1982 single by Japan

"Ghosts" is a song by the English new wave band Japan. It was released in edited form in March 1982 as the third single from their fifth and final studio album Tin Drum (1981).

It reached number 5 in the UK singles chart in April. Although "Ghosts" was their biggest hit, this was not enough to stop the band splitting eight months later. Journalist Todd Hutlock called it "one of the most remarkable and unlikely entries in British chart history."

== Composition ==
Writing credits for the song are attributed exclusively to David Sylvian, while instruments credits on the single sleeve are attributed to Sylvian, Richard Barbieri and Steve Jansen, therefore excluding the fourth band member, bass guitarist Mick Karn.

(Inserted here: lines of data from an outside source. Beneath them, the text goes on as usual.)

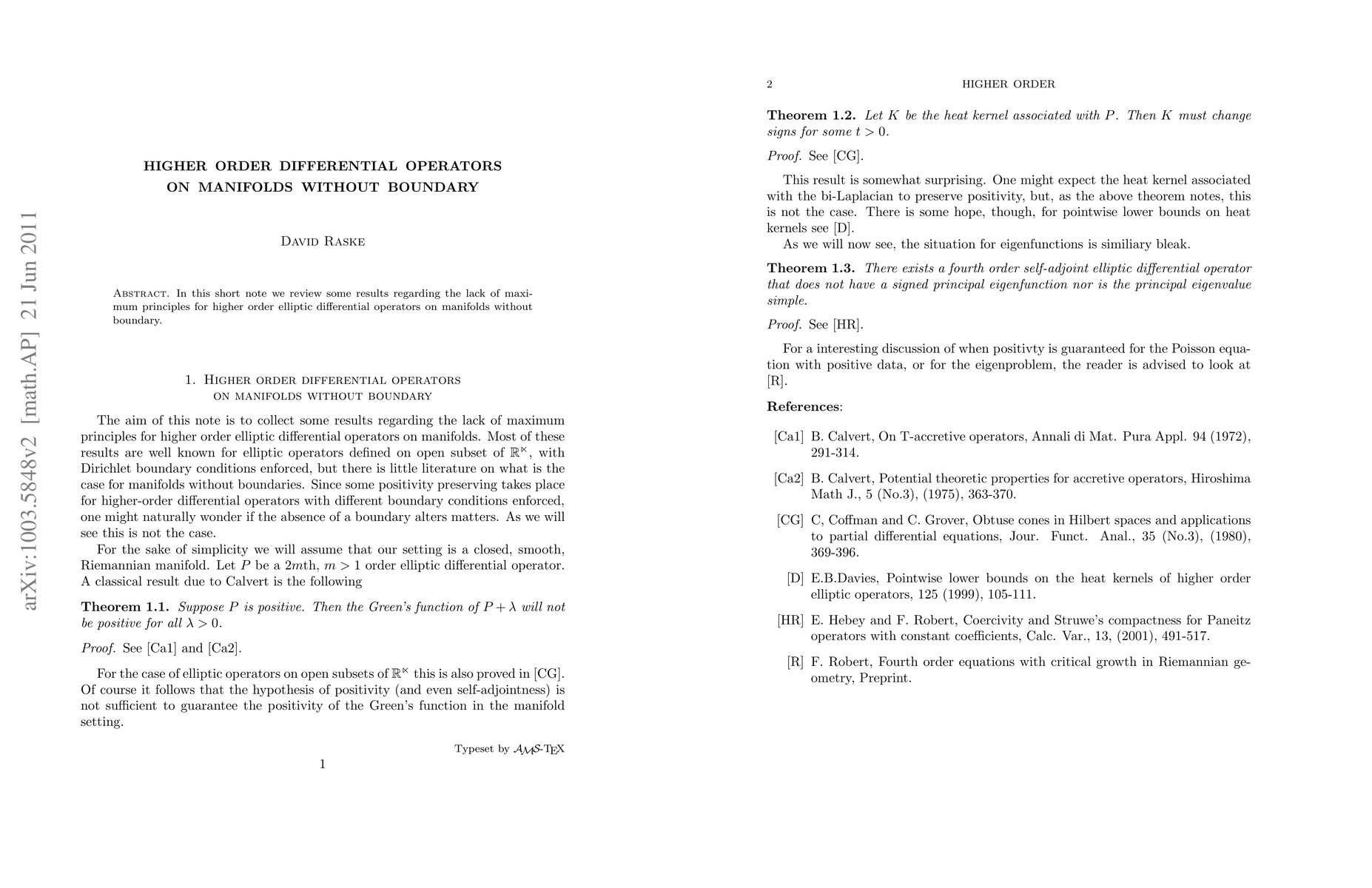 Summary: This paper reviews properties of elliptic differential operators on Riemannian manifolds, focusing on positive, self-adjoint, elliptic pseudo-differential operators and their associated Green's functions on closed manifolds. The discussion highlights fundamental aspects of these operators and their Green's functions.
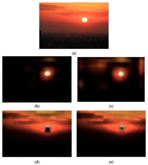 Model A is trained by transfer learning based on the resNet18, and model B is trained based on the architecture of model B3. The score assigned by model A is 5, and the score assigned by model B is 4. Meanwhile, the ground truth of this image in the XiheAA dataset is 4. From the results, it can be seen that the FFP and the AIR extracted by model A is the sun, and that this is the subject of the image rather than its surroundings; meanwhile, the FFP and AIR extracted by model B is the red cloud around the sun that reflects the composition of the image. The sun is in a position that seems to meet the rule of thirds, so that the score assigned by model A is higher than the ground truth. Meanwhile, the layout of the cloud is dull, so that the score assigned by model B is 4, which is the same as the ground truth. This observation is consistent with the above expectation that model A extracts the subject of the image for predicting an image’s AS, and model B extracts the holistic composition for the prediction.
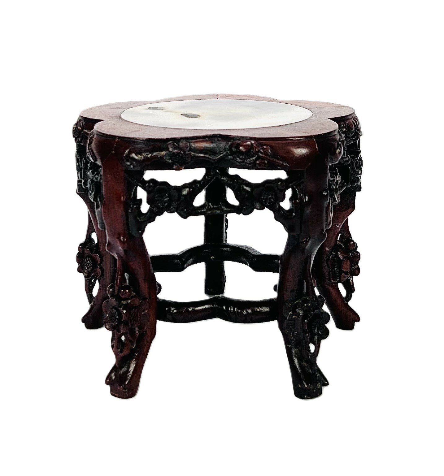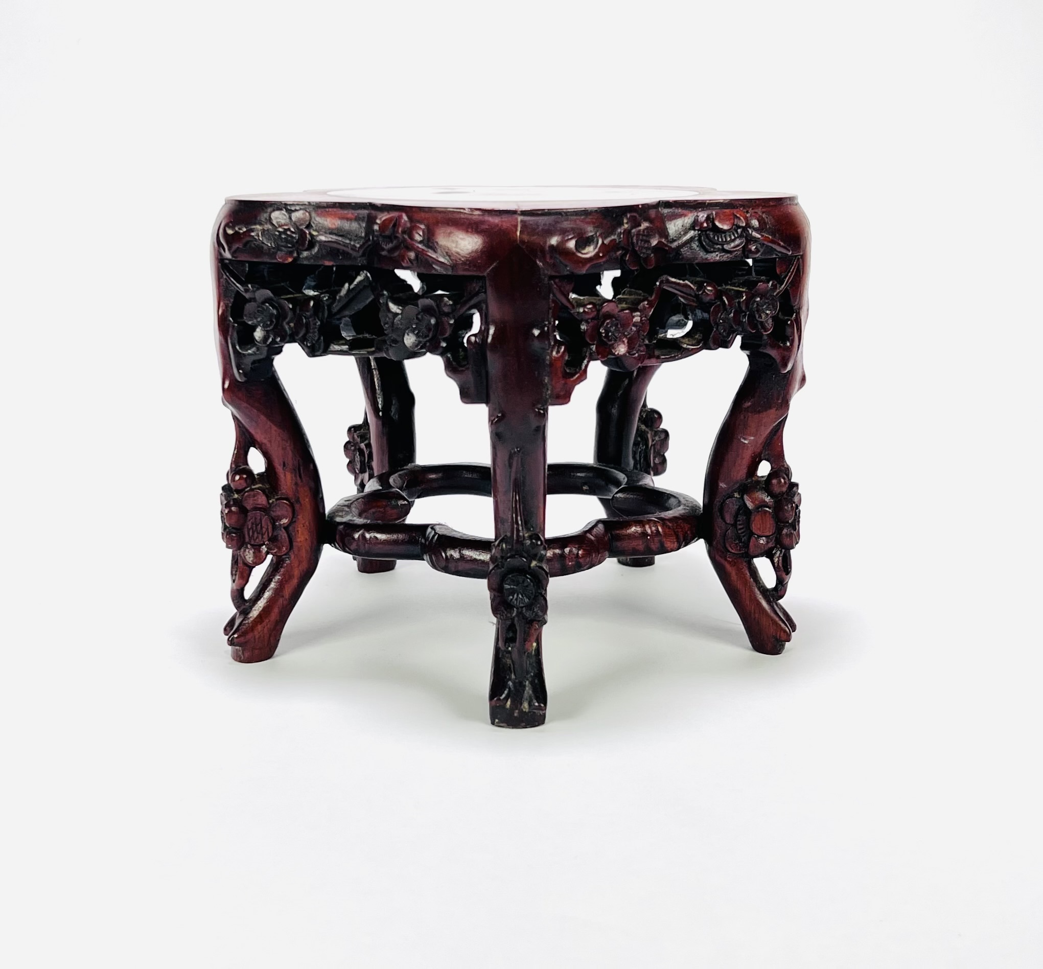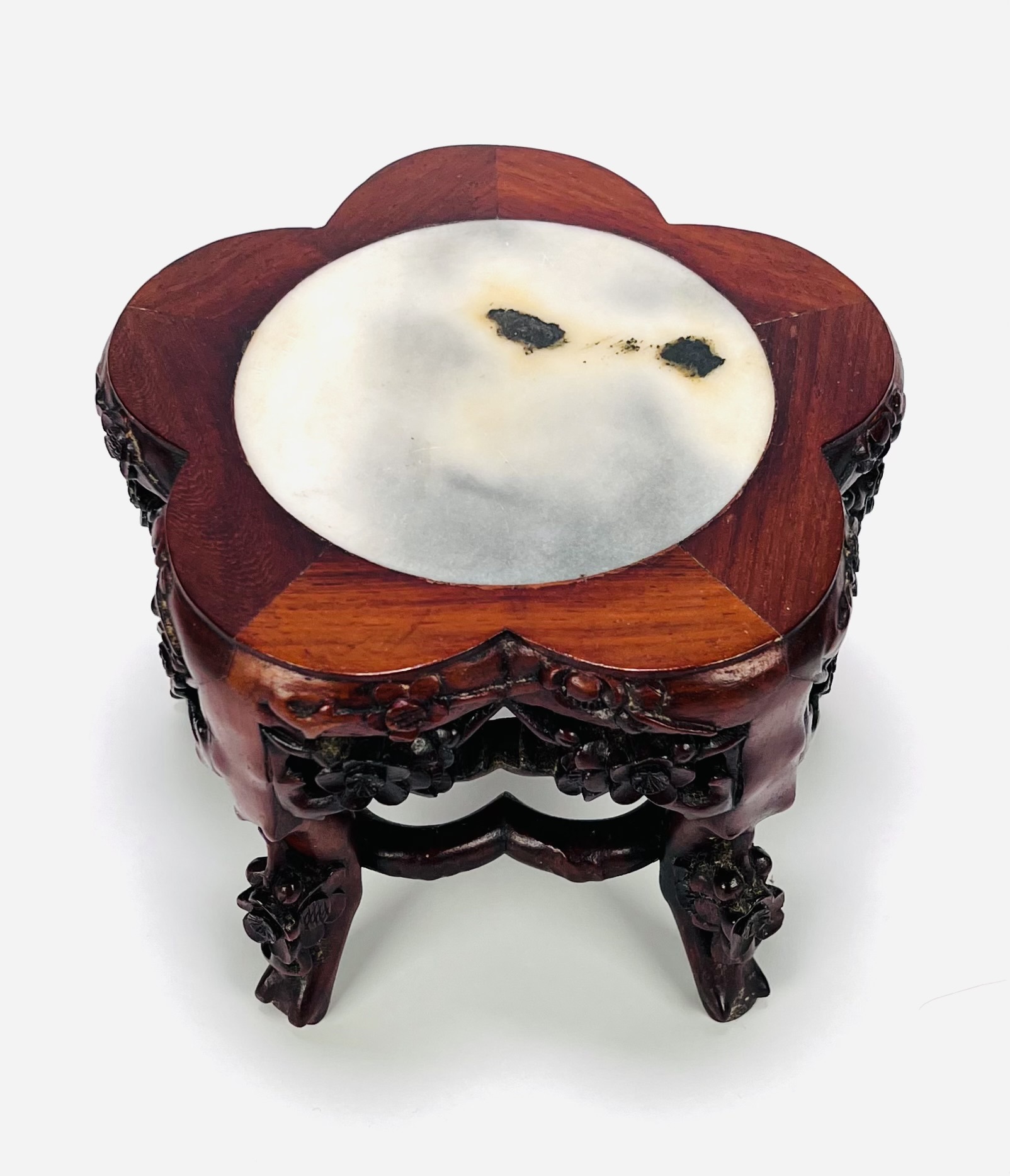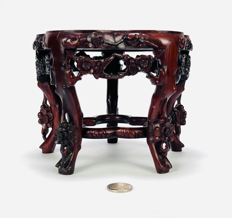 Chinese bewerkte houten standaard met marmeren blad. Begin 20e eeuw |
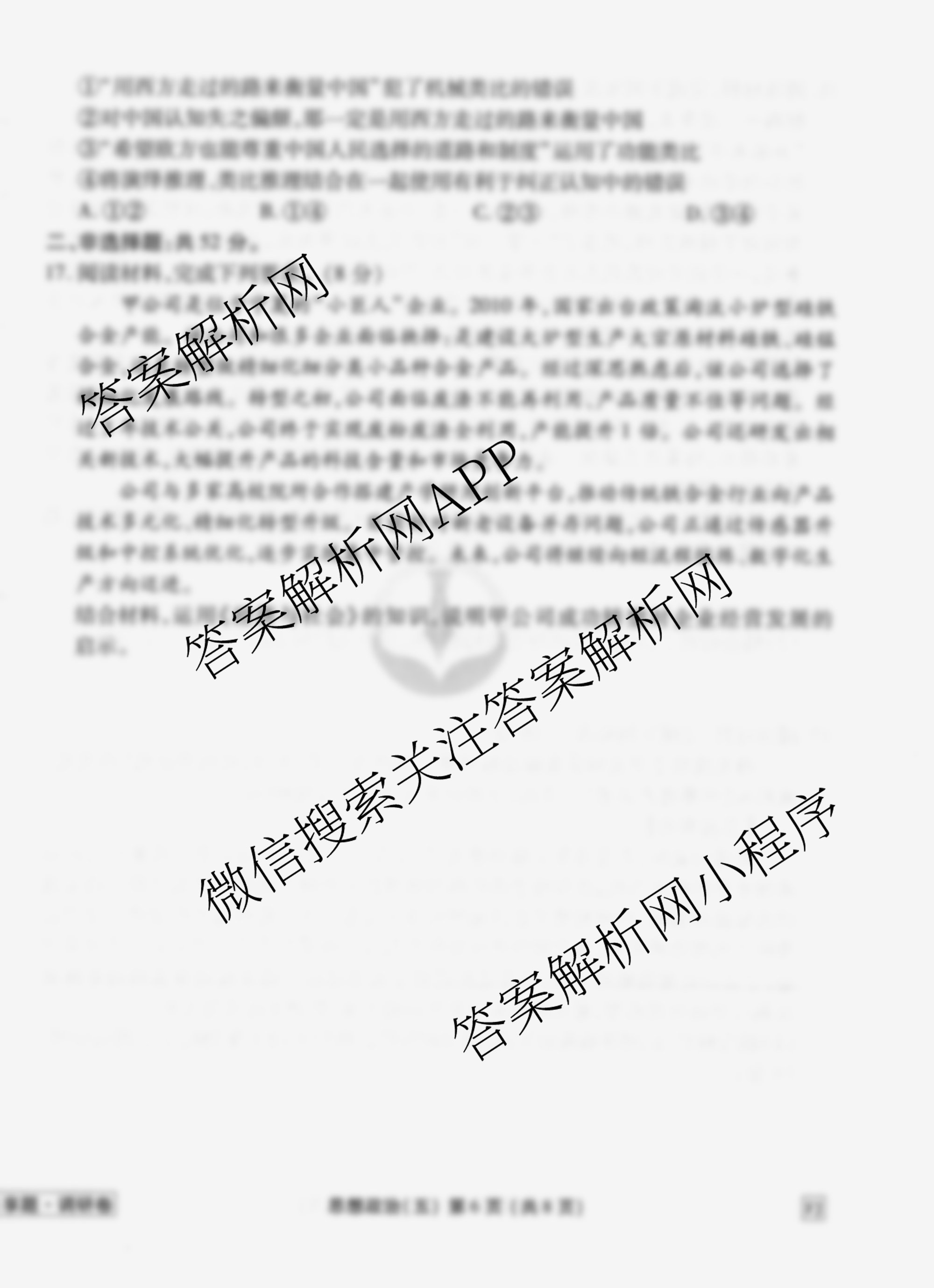 - (高三)(衡水金卷先享题)调研卷2026年普通高中学业水平选择性考试模拟试题(五)5政治(AH)答案
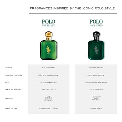 Για τους λάτρεις των αρωμάτων που αναζητούν τη μοναδικότητα και την τελειότητα, υπάρχει το Ralph Lauren Polo Cologne Intense (2021). Συνδυάζει αριστοτεχνικά τη φρέσκια κομψότητα μιας κολόνιας με τη δύναμη και το βάθος ενός άρτια επεξεργασμένου eau de parfum. Το άρωμα ανοίγει με νότες βασιλικού και γκρέιπφρουτ, στη συνέχ συνεχίζει με δροσερό φασκόμηλο στην καρδιά και ακαταμάχητο πατσουλί στο τελείωμα. Το Ralph Lauren Polo Cologne Intense έχει γίνει αμέσως ένα νέο κλασικό άρωμα για μια νέα γενιά. Ανακαλύψτε το κι εσείς!
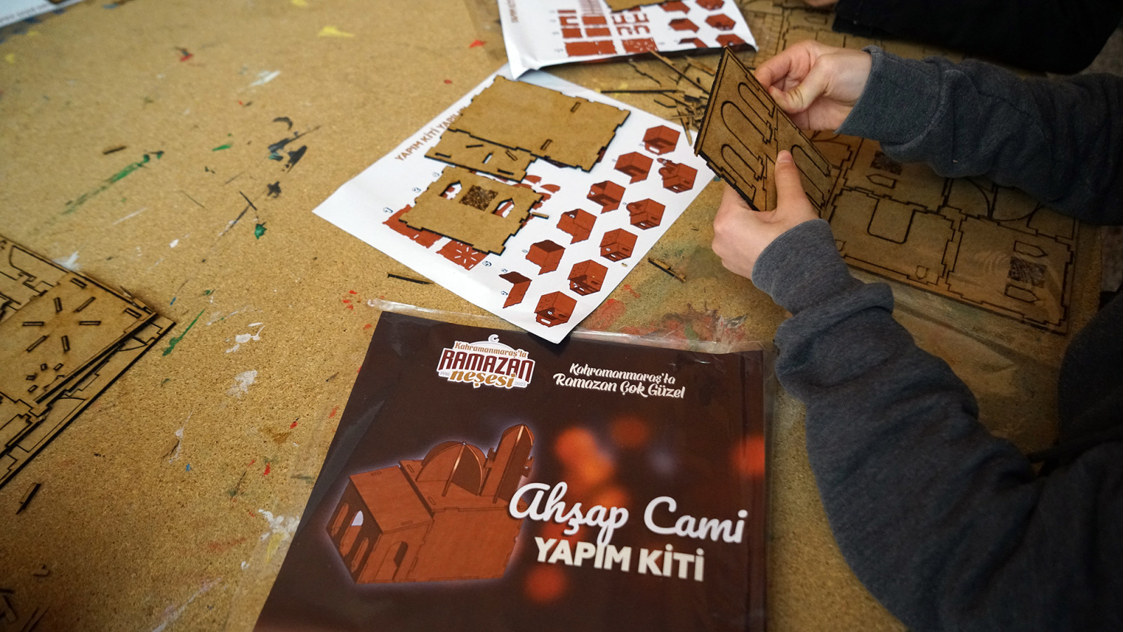 Sahne Maraş Tiyatro Okulu tarafından sahnelenen Karagöz ve Hacivat oyunu, salonu dolduran minik izleyicilere neşe dolu anlar yaşattı. Geleneksel değerlerin eğlenceli bir dille aktarıldığı gösteri, çocukların kahkahalarıyla renklendi. Öte yandan Ahşap Cami Yapım Atölyesi'nde ise minikler kendi cami maketlerini yaparak el becerilerini geliştirirken, grup çalışmaları sayesinde paylaşma ve iş birliği duygularını pekiştirdi.
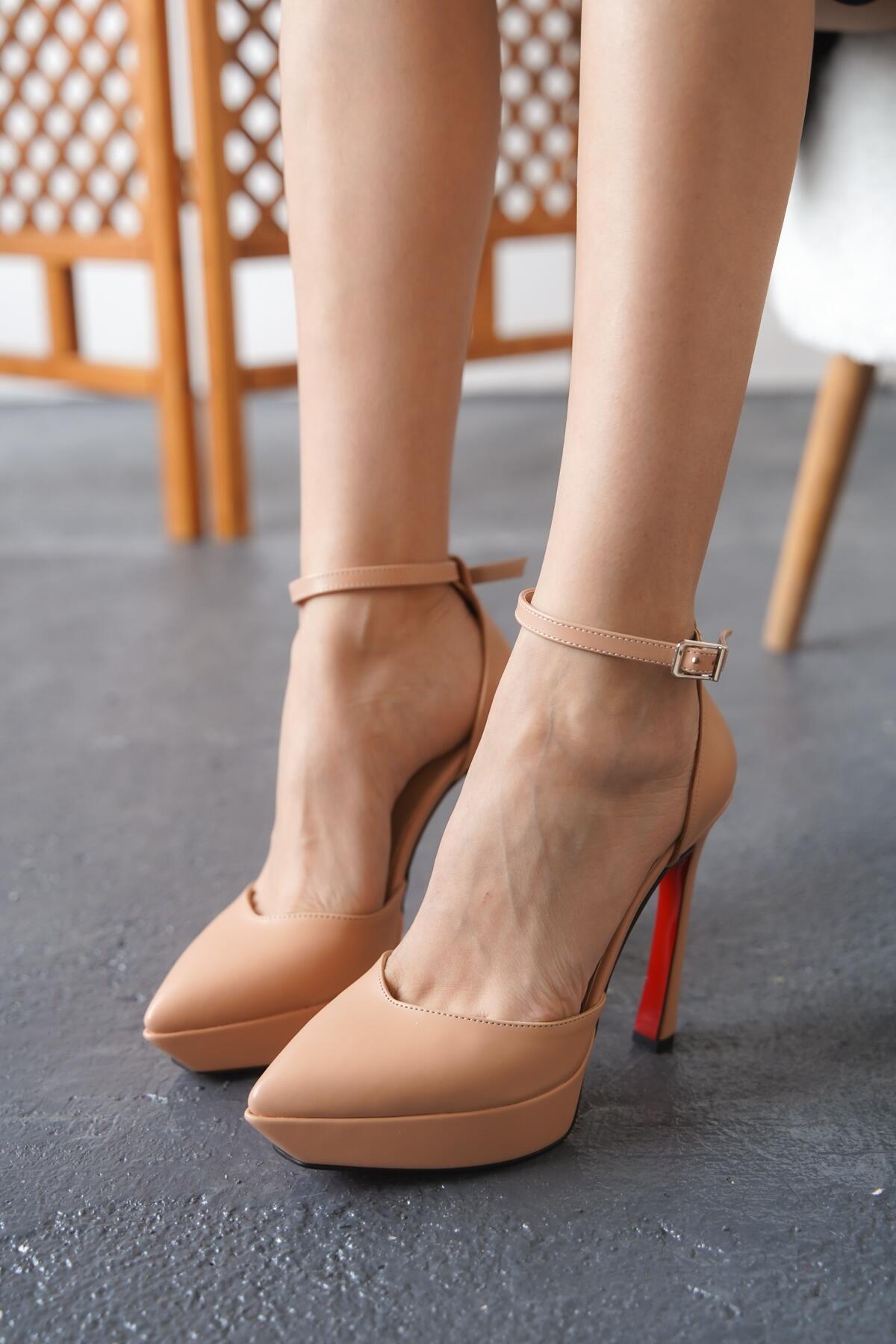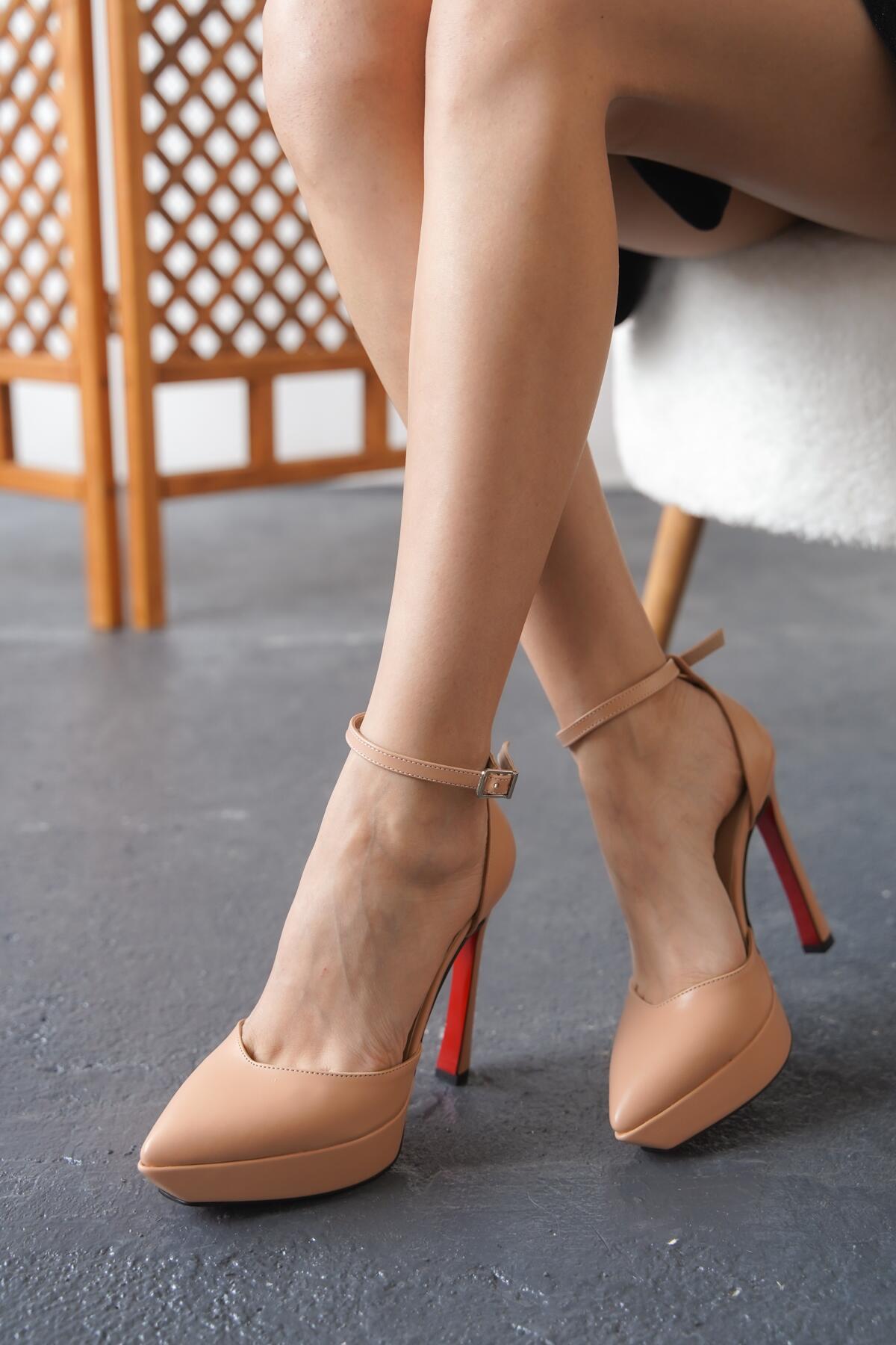 Kadın Baretli Platform Topuklu Ayakkabı Accies Nude Cilt

The lyrics describe deeply personal feelings. Sylvian has since said to Mojo magazine that "Ghosts" pre-empted the band splitting up: "It was the only time I let something of a personal nature come through and that set me on a path in terms of where I wanted to proceed in going solo."

The song was arranged by Richard Barbieri and David Sylvian using a minimalist approach and sounds influenced by Karlheinz Stockhausen. Barbieri created the odd, slightly discordant synth sound at the beginning of the song, using a Roland System 700. Sylvian on a Prophet-5 synthesizer and Barbieri on a Oberheim OB-X then worked out chords. The marimba part of the song was arranged and played by Steve Jansen.

== Release ==
"Ghosts" was released as the third single from Tin Drum in March 1982. It reached number 5 in the UK singles chart in April. The group appeared on Top of the Pops on 18 March 1982 when the single was at number 42 in the charts. A week later it had shot up to number 16.

== Critical reception ==
Bereft of drums, the minimalist track would not be described as a "commercially viable" single in most circumstances. However, Japan's popularity at the time, in addition to the early 1980s fashion for new wave music, allowed the single to become unexpectedly popular. Writing in Smash Hits, Tim de Lisle described the single as "arguably the best thing they've ever done – slow, spare and mesmerising". Record Mirror made it Single of the Week, with reviewer Sunie Fletcher writing "the lush, utterly romantic singing is a treat, and, juxtaposed with the eerie, haunting sounds beneath it, forms the most stunningly original single you've heard for a very long time".

== Versions ==
The 7" single was an edited version of the original album track. The single version is featured on a bonus disc issued with the box set release of the Tin Drum album in 2003.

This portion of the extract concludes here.